To demonstrate the effectiveness of the model, we evaluated the role of AMPKα1 in embryonic gut epithelial development. We observed an astonishing difference between WT and AMPKα1 KO ex vivo gut. Our results are supported by recent reports showing the positive roles of AMPK in gut epithelial barrier function [25,45], as well as cell differentiation [25,46–48]. A previously published study in adult mice focused on AMPK loss in epithelial cells [25], while this study focused on AMPK loss in the whole guts including mesenchymal cells during development, suggesting the necessity of AMPK α1 in proper peristalsis and overall health of fetal gut. AMPK specific deficiency in intestinal epithelial cells promoted proliferation of crypt cells in adult mice [25], while AMPK deficiency in whole ex vivo gut suppressed the proliferation and induced apoptosis, possibly due to the subsequent apoptosis induced by inadequate or lagging differentiation. Consistently, AMPK mutants in Drosophila cause abnormal epithelial integrity, defective mitotic cell division and even embryonic lethality [49]. The deficient differentiation in AMPKα1 KO ex vivo gut is partially associated with the downregulation of intestinal transcription factors, such as CDX2 [25]. However, the stimulated proliferation in crypts of epithelial AMPK deficient gut could be due to the fully expressed AMPK in mesenchymal cells underneath crypts, which secretes growth factors and cytokines for tissue regeneration to activate crypt cell proliferation [50].

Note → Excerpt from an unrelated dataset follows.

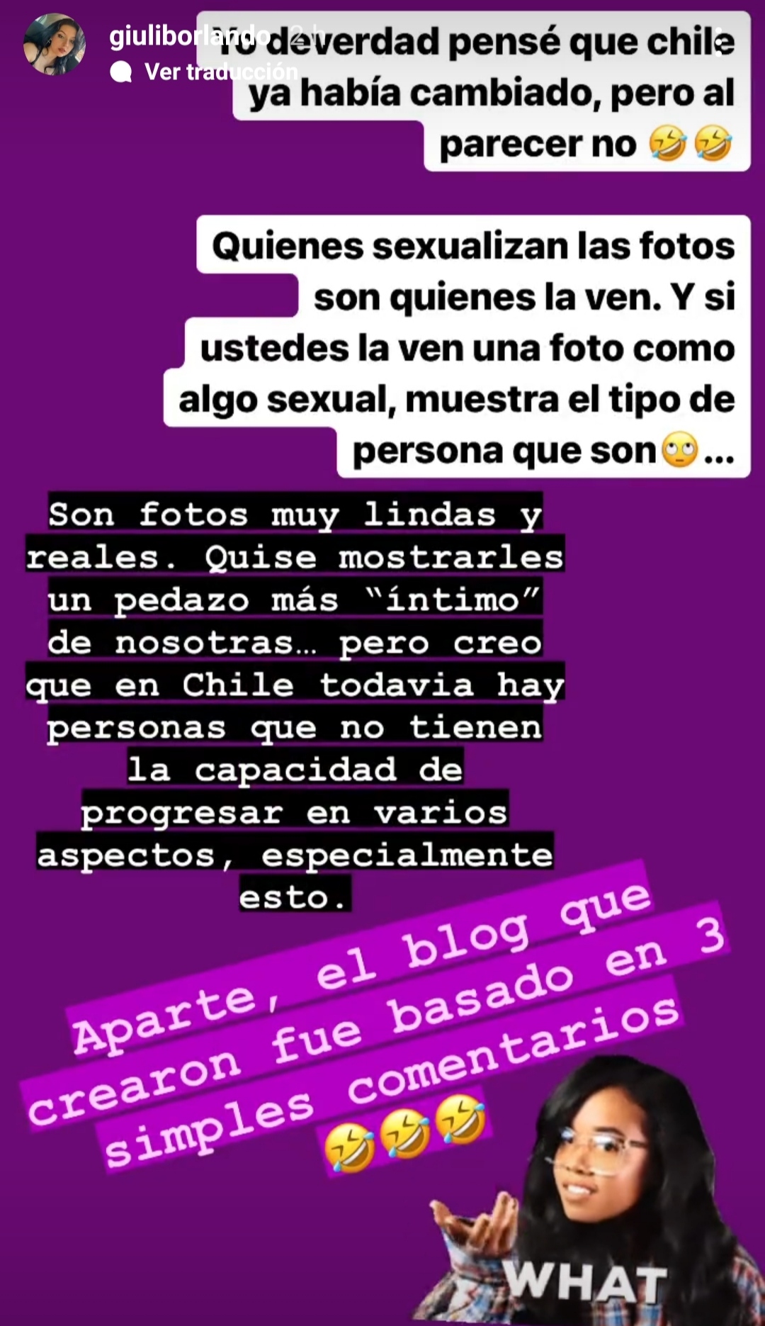 "Son fotos muy lindas y reales. Quise mostrarles un pedacito más íntimo de nosotras, pero creo que en Chile todavía hay personas que no tienen la capacidad de progresar en varios aspectos", agregó Guiliana.

In summary, ex vivo gut culture system not only maintains the physiological structure of the gut but can effectively track intestinal epithelial differentiation and migration. Using the established ex vivo gut model, we further demonstrated a critical regulatory role of AMPKα1 in epithelial differentiation. This model has potential applications in examining impacts of nutrients, microbial metabolites, toxicants and antigenic materials on gut epithelial development, as well as exploring mechanisms regulating differentiation and migration.

Ethics

All procedures involving animals were approved by the Institutional Animal Care and Use Committee (IACUC) at Washington State University.

Data accessibility

This article has no additional data.

Authors' contributions

X.S. and M.-J.Z. designed the study. X.S. performed the experiments. X.F. helped the immunostaining experiments. X.S., M.-J.Z., X.F. and M.D. analysed and interpreted the data. X.S. and M.-J.Z. wrote and revised the manuscript.

Competing interests

The authors declare no competing or financial interests.

Funding

This work was financially supported partially by National Institutes of Health (NIH) (R15HD073864), USDA National Institute of Food and Agriculture (USDA-NIFA) (2018-67017-27517) and Emerging Research Issues Internal Competitive grant from the Washington State University, Agricultural Research Center (10A-3057-8640).